#### GIVEN DATA:
========

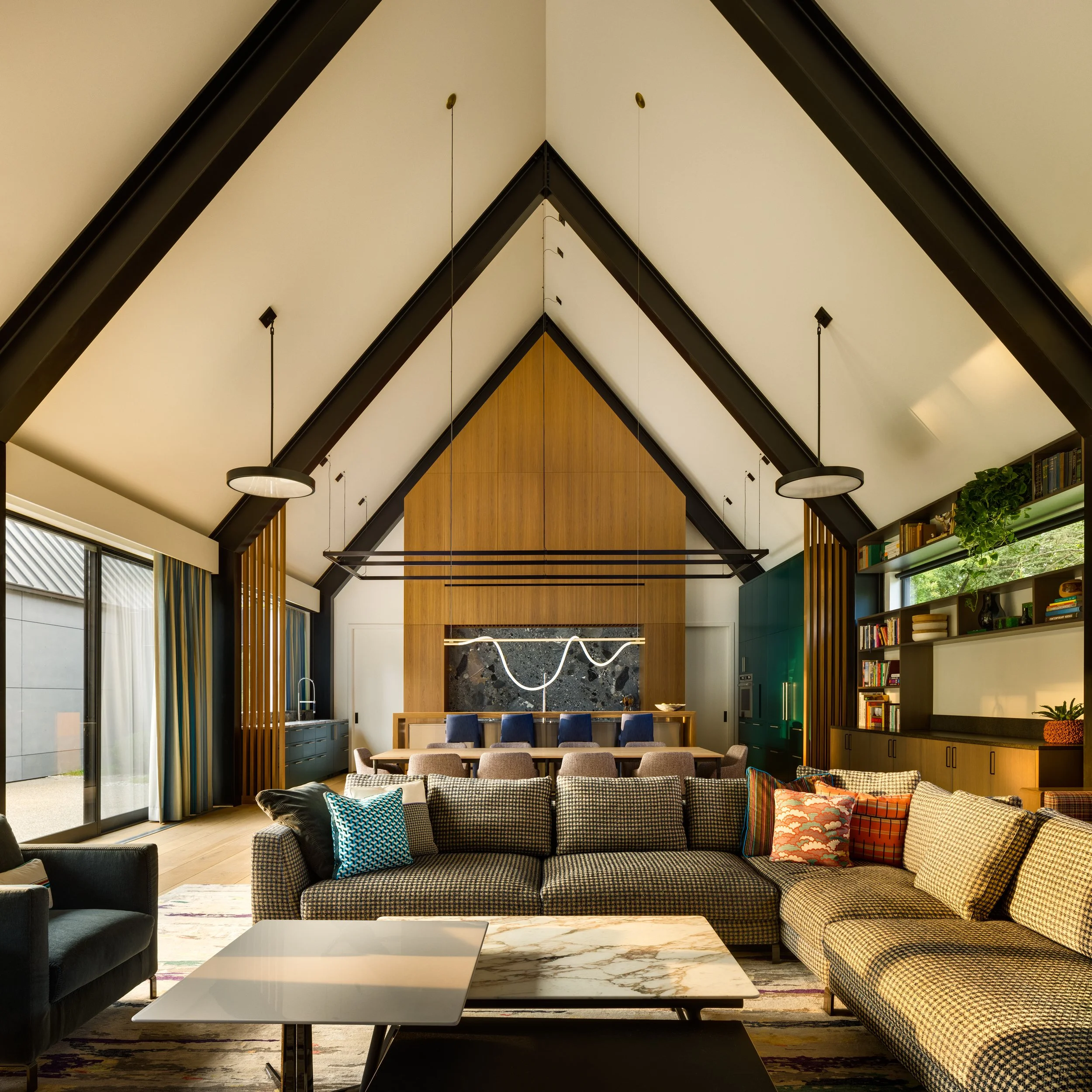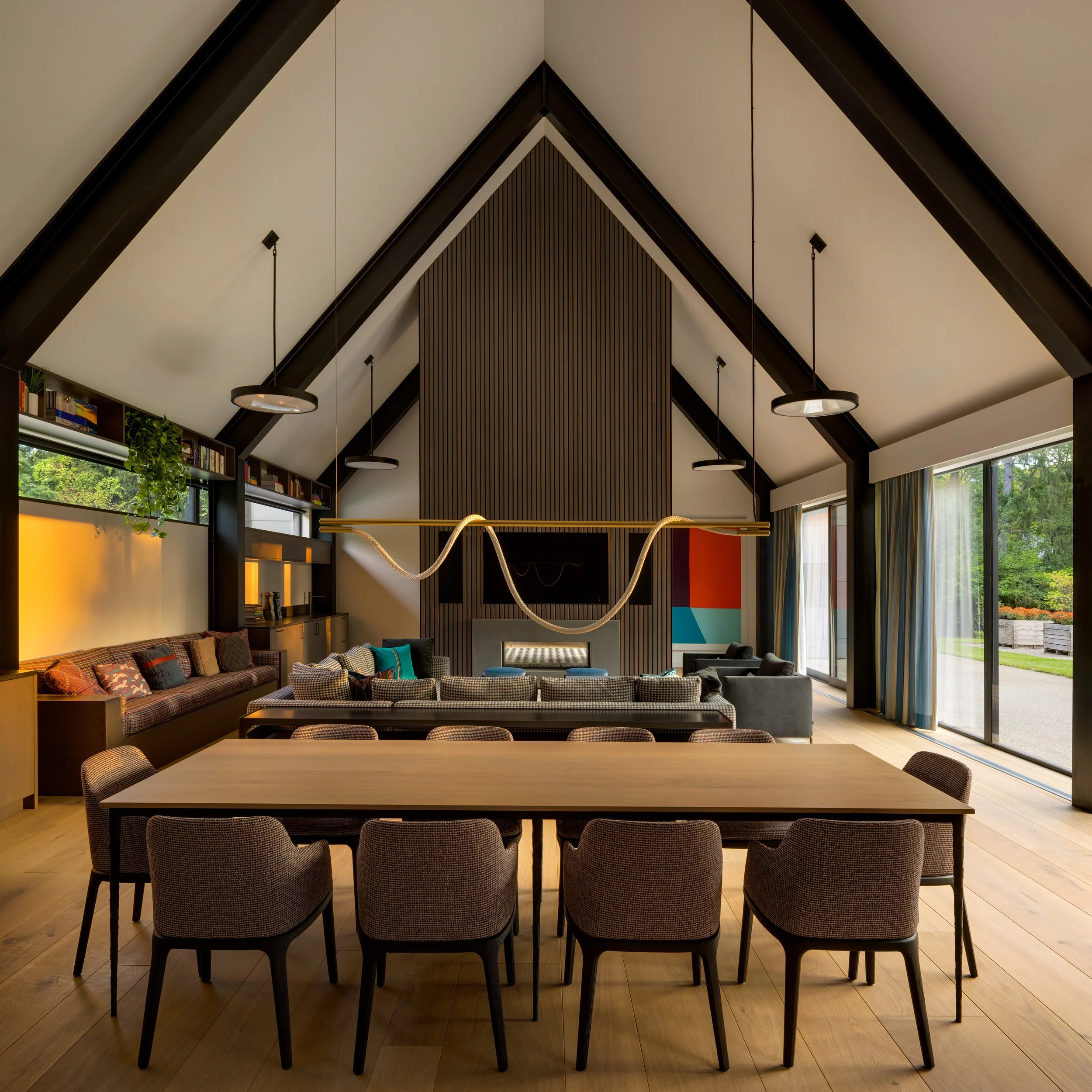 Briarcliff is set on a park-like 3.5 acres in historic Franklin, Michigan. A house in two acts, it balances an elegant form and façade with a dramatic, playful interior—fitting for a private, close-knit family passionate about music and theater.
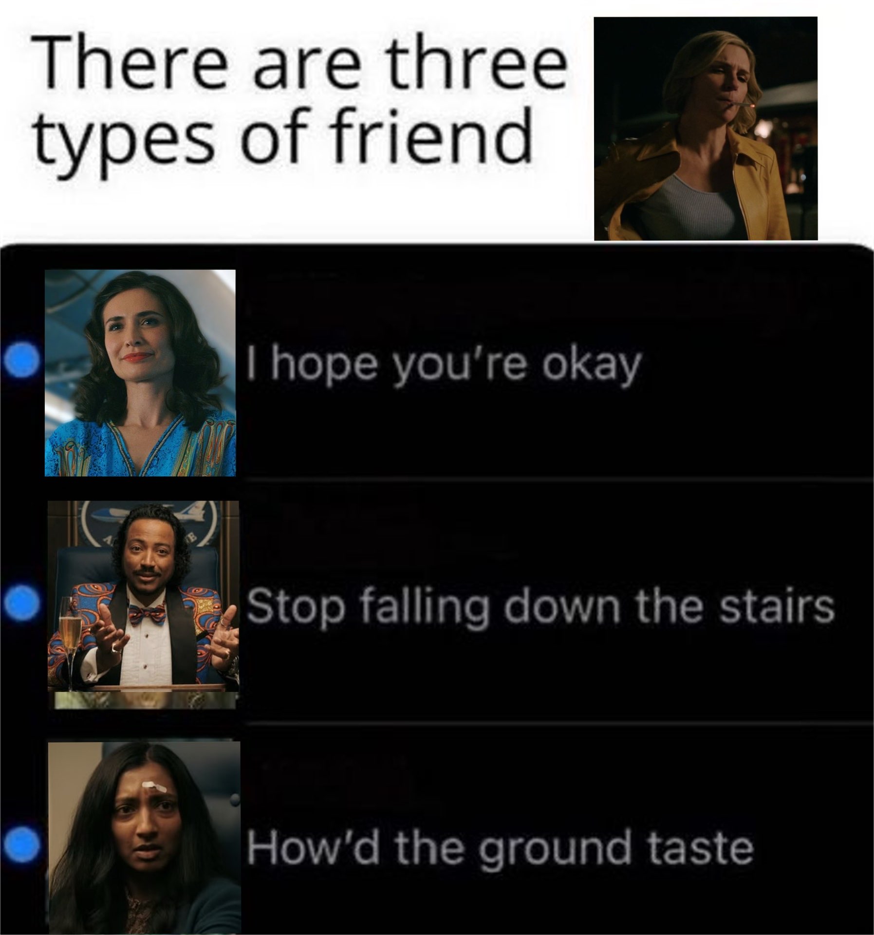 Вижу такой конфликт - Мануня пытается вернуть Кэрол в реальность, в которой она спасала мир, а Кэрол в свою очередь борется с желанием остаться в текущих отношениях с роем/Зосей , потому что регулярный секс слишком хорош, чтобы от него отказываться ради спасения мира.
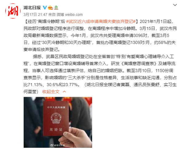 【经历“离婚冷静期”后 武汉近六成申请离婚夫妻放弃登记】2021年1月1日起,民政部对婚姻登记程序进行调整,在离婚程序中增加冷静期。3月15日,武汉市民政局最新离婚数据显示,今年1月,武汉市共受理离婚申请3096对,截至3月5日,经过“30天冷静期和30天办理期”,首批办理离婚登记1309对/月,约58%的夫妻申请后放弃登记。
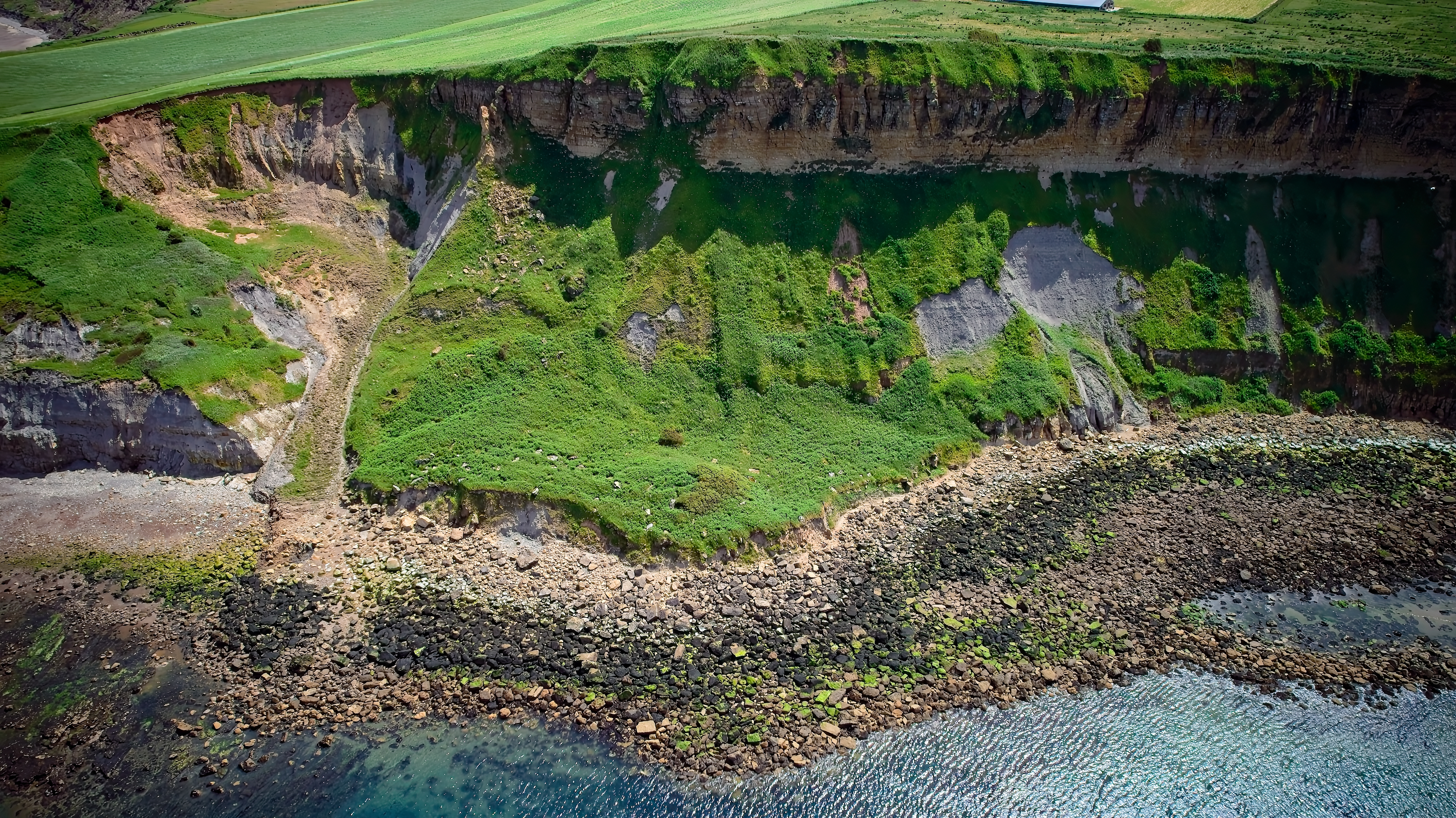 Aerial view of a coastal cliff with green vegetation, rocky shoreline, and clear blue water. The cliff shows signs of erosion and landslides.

========

#### EXERCISE GOAL:
Write out exactly the lines from the line that contains "Вижу такой конфликт" through the end of the material, including both ends. No pictures belong in the copy.

#### ANSWER:
 Вижу такой конфликт - Мануня пытается вернуть Кэрол в реальность, в которой она спасала мир, а Кэрол в свою очередь борется с желанием остаться в текущих отношениях с роем/Зосей , потому что регулярный секс слишком хорош, чтобы от него отказываться ради спасения мира.
 【经历“离婚冷静期”后 武汉近六成申请离婚夫妻放弃登记】2021年1月1日起,民政部对婚姻登记程序进行调整,在离婚程序中增加冷静期。3月15日,武汉市民政局最新离婚数据显示,今年1月,武汉市共受理离婚申请3096对,截至3月5日,经过“30天冷静期和30天办理期”,首批办理离婚登记1309对/月,约58%的夫妻申请后放弃登记。
 Aerial view of a coastal cliff with green vegetation, rocky shoreline, and clear blue water. The cliff shows signs of erosion and landslides.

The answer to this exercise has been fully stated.